■ **What you should do**:
Everything from the line holding "試合: サウスポーの中野は右" to the end of the listing below should be copied exactly, line for line, minus the pictures.

■ **Data shown**:
----------------------------------------

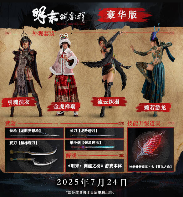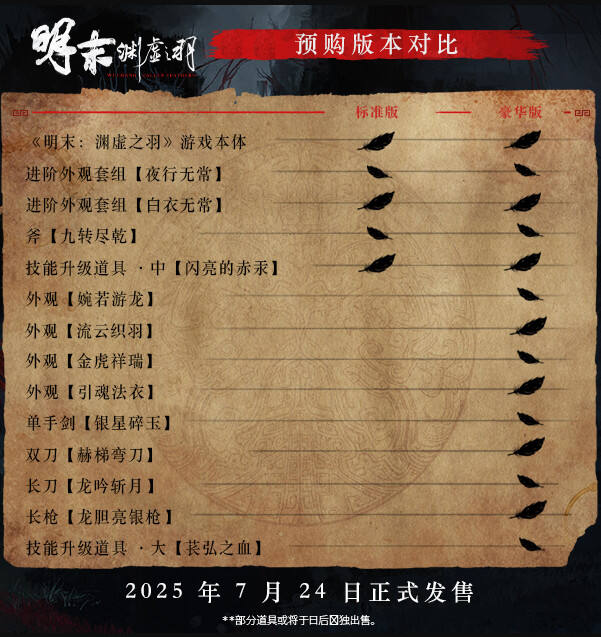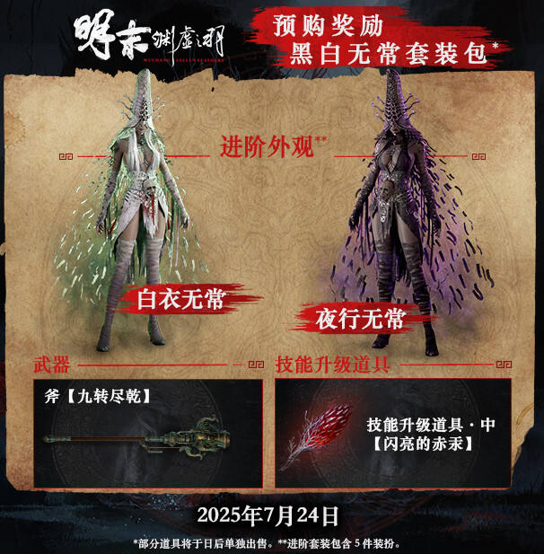 明末:渊虚之羽即将于7月24日上午10点正式于Steam解锁,在游戏发行前预购的玩家都可以获得“黑白无常套装包”、武器斧“九转乾坤”、技能升级道具·中“闪亮的赤汞”,当然这些预购奖励的内容于游戏正式上线后会以DLC的形式进行出售,错过预购奖励的玩家也可以后续进行购买,下面就为大家介绍明末:渊虚之羽预购奖励及豪华版的额外内容。
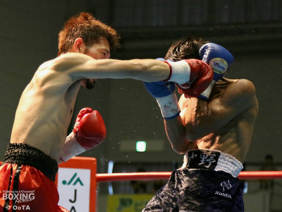 試合: サウスポーの中野は右ジャブから左ストレートを上下に散らす。対して、平島は上体でリズムを作ると右のカウンターを狙う。中盤、平島はカウンターをあてると一気に前に出て連打を浴びせるが、中野も右で応戦。一進一退に攻防を続ける。5ラウンド、偶然のバッティングで中野が右側頭部をカットした。最終ラウンドまで渾身の打ち合いを演じるも決定打には至らず。判定で平島が勝利を収めた。
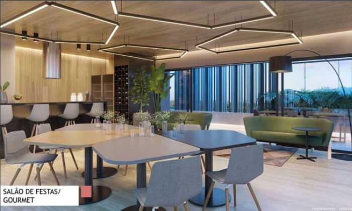 6 pavimentos Tipo e Rooftop e 9 pavimentos Tipo e Cobertura. Embasamento: Térreo com acesso, lojas e garagem. Jirau com departamento das lojas e garagem. PUC Bloco 1, Garagem e Gardens bloco 2.

----------------------------------------

■ **Exercise response**:
 試合: サウスポーの中野は右ジャブから左ストレートを上下に散らす。対して、平島は上体でリズムを作ると右のカウンターを狙う。中盤、平島はカウンターをあてると一気に前に出て連打を浴びせるが、中野も右で応戦。一進一退に攻防を続ける。5ラウンド、偶然のバッティングで中野が右側頭部をカットした。最終ラウンドまで渾身の打ち合いを演じるも決定打には至らず。判定で平島が勝利を収めた。
 6 pavimentos Tipo e Rooftop e 9 pavimentos Tipo e Cobertura. Embasamento: Térreo com acesso, lojas e garagem. Jirau com departamento das lojas e garagem. PUC Bloco 1, Garagem e Gardens bloco 2.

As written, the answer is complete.